RāmānujācāryaGītā-bhāṣya
Viśiṣṭādvaita· Classical
Machine translation · draft

'Unborn', since he is not born. By this it is said that He is of a kind unlike the changeful insentient substance, and unlike the transmigrating conscious being joined with it; for the birth of a transmigrating conscious being is the contact with insentient matter wrought by karma. By the word 'beginningless' it is said that He is of a kind unlike the liberated self, which, though unborn, has a beginning; for the unbornness of the liberated self has a beginning, since its connection with the thing to be shunned was present before, so the fitness for that connection is there; so by the word 'beginningless' His unfitness for it, His being its very opposite, is stated, as also by the revealed text 'faultless' and the rest. Thus, the man who, undeluded, knows Me, of an own form that is the opposite of any connection with the thing to be shunned and so unfit for it, the great Lord of the worlds, the Lord even of the lords of the worlds, among mortals, he is freed of all the sins that obstruct the rise of devotion to Me.

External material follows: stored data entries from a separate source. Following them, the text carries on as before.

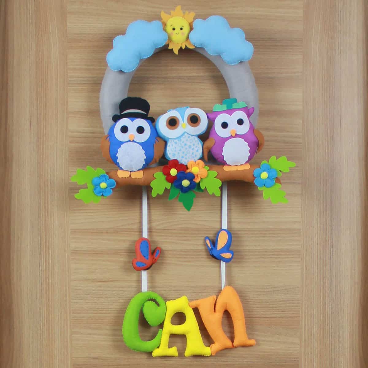 Kapı süsünün ana temasını, üst kısımda yer alan, ortasında gülen yüzlü bir güneş ve iki yanında mavi bulutlar bulunan gri renkli bir halka oluşturuyor. Halkanın alt kısmında, çiçeklerle süslenmiş kahverengi bir dal figürü bulunmaktadır. Dalın üzerinde, şapkalı mavi bir baykuş, çiçekli mor bir baykuş ve ortalarında küçük mavi bir baykuş olmak üzere üç adet sevimli baykuş figürü yer alıyor. Dalın altından sarkan iplerle bağlı, iki adet rengarenk kelebek figürü tasarıma eşlik ediyor. Kelebeklerin altından sarkan iplerle bağlı, yeşil, sarı ve turuncu tonlarda, büyük ve belirgin harflerle yazılmış “CAN” ismi yer alıyor. Her bir detay, bebeğinizin odasına hayal gücünü besleyen, pozitif ve enerji dolu bir hava katıyor. “Can” isminin taşıdığı “yaşam, ruh; sevgili, aziz” anlamı, bu kapı süsünü minik Can’ın hayat yolculuğunda aydınlık, neşeli ve başarılı bir birey olmasını temenni eden anlamlı bir armağana dönüştürüyor.
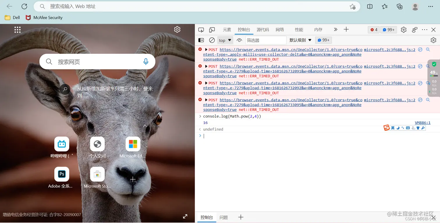 (这里我的目标是获取2的4次幂的结果)由上表可知pow的意思就是获取基数次幂,(看图)我这里console.log()是输出的意思,然后我输出了Math对象的方法pow进行运算。用(对象.方法)的格式进行访问。写下console.log
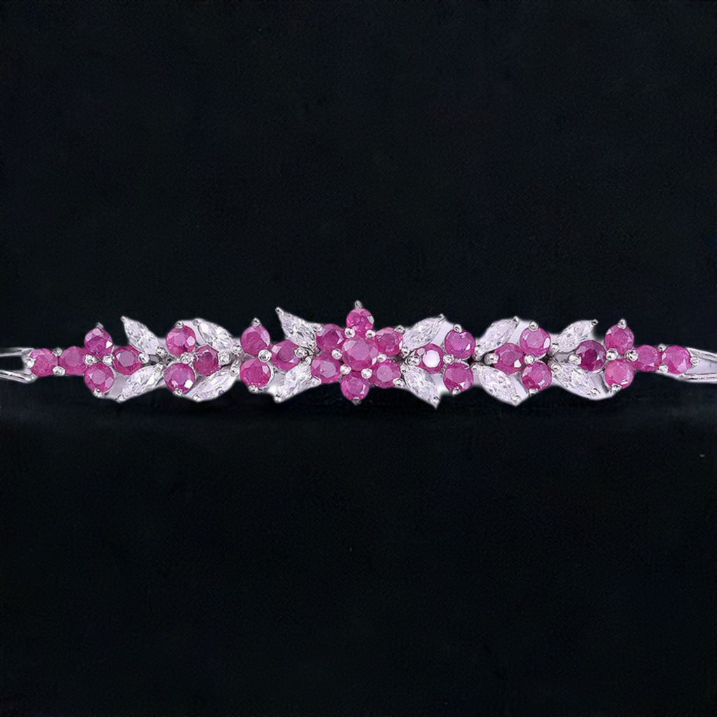The design is elegant! There is a floral motif to the centerpiece of this bracelet. It features real rubies and leaf-shaped synthetic diamonds.

Delusion is the bewilderment that makes Me one with others of His kind; free of that, he is undeluded. This is what is said. In the world the king of men is of the same kind as other men, having gained that lordship by some action; so too the lord of the gods; so too the lord of the egg of Brahma, who is of the same kind as other transmigrators, since he too is included within the three modes of being, as the revealed text says, 'He who ordains Brahma'; and so too any others who have gained the lordship of the atomic-power and the rest. But this great Lord of the worlds is of a kind unlike all that is to be ruled, the insentient in its states as effect and cause, and the conscious, bound and freed, since His single own nature is the unsurpassed, limitless, countless host of auspicious qualities the very opposite of everything to be shunned, and since His single own nature is to be the governor. So the man who, free of the delusion that He is of the same kind as others, knows Me, is freed of all sins. Having thus, by the dwelling on His own nature, set forth the removal of the sin that obstructs the rise of devotion, and, since the rise of devotion follows of itself from the removal of the obstruction, the rise of devotion too, the Lord states the manner of the growth of devotion by the dwelling on the unfolding of His lordship and His host of auspicious qualities.

Contemporary English rendering of the Sanskrit bhāṣya, pending scholar review.

MadhvācāryaGītā-bhāṣya
Dvaita· Classical
Machine translation · draft

This is a brief sub-gloss. For a fuller reading of this verse, see Madhusūdana, Śaṅkara, or Rāmānuja above.

He is 'beginningless' (anadi), analysed as the impeller (ana) and the beginning (adi) of all. The qualifier 'great Lord of the worlds' sets Him apart from the other, the living being, whose unbornness alone is established.

Contemporary English rendering of the Sanskrit bhāṣya, pending scholar review.